------ Data provided ------

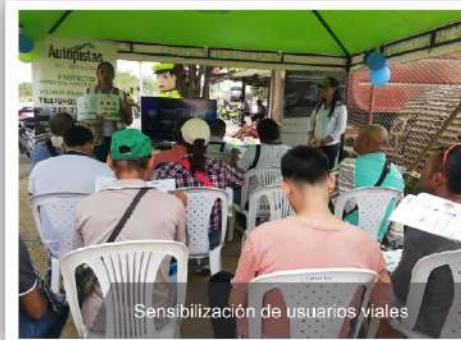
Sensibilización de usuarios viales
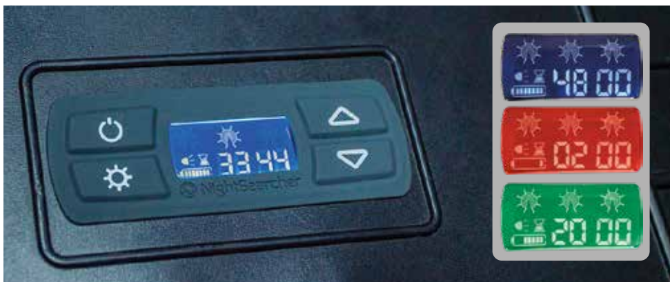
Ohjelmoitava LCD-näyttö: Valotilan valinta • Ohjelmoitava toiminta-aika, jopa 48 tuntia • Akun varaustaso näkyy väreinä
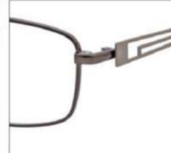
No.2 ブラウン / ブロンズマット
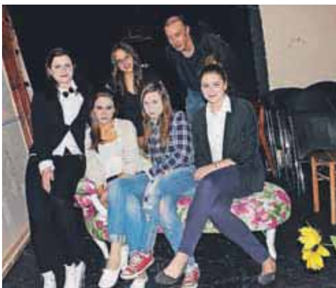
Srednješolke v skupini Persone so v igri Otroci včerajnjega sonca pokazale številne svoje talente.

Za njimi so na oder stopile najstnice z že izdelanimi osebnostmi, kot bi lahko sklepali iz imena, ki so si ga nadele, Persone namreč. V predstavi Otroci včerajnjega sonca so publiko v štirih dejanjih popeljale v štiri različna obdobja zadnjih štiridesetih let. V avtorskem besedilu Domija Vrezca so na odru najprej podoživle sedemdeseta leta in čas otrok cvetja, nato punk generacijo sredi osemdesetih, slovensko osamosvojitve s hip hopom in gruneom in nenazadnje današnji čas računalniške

------

Please restate all of the listing above word for word, with no pictures.

Sensibilización de usuarios viales
Ohjelmoitava LCD-näyttö: Valotilan valinta • Ohjelmoitava toiminta-aika, jopa 48 tuntia • Akun varaustaso näkyy väreinä
No.2 ブラウン / ブロンズマット
Srednješolke v skupini Persone so v igri Otroci včerajnjega sonca pokazale številne svoje talente.

Za njimi so na oder stopile najstnice z že izdelanimi osebnostmi, kot bi lahko sklepali iz imena, ki so si ga nadele, Persone namreč. V predstavi Otroci včerajnjega sonca so publiko v štirih dejanjih popeljale v štiri različna obdobja zadnjih štiridesetih let. V avtorskem besedilu Domija Vrezca so na odru najprej podoživle sedemdeseta leta in čas otrok cvetja, nato punk generacijo sredi osemdesetih, slovensko osamosvojitve s hip hopom in gruneom in nenazadnje današnji čas računalniške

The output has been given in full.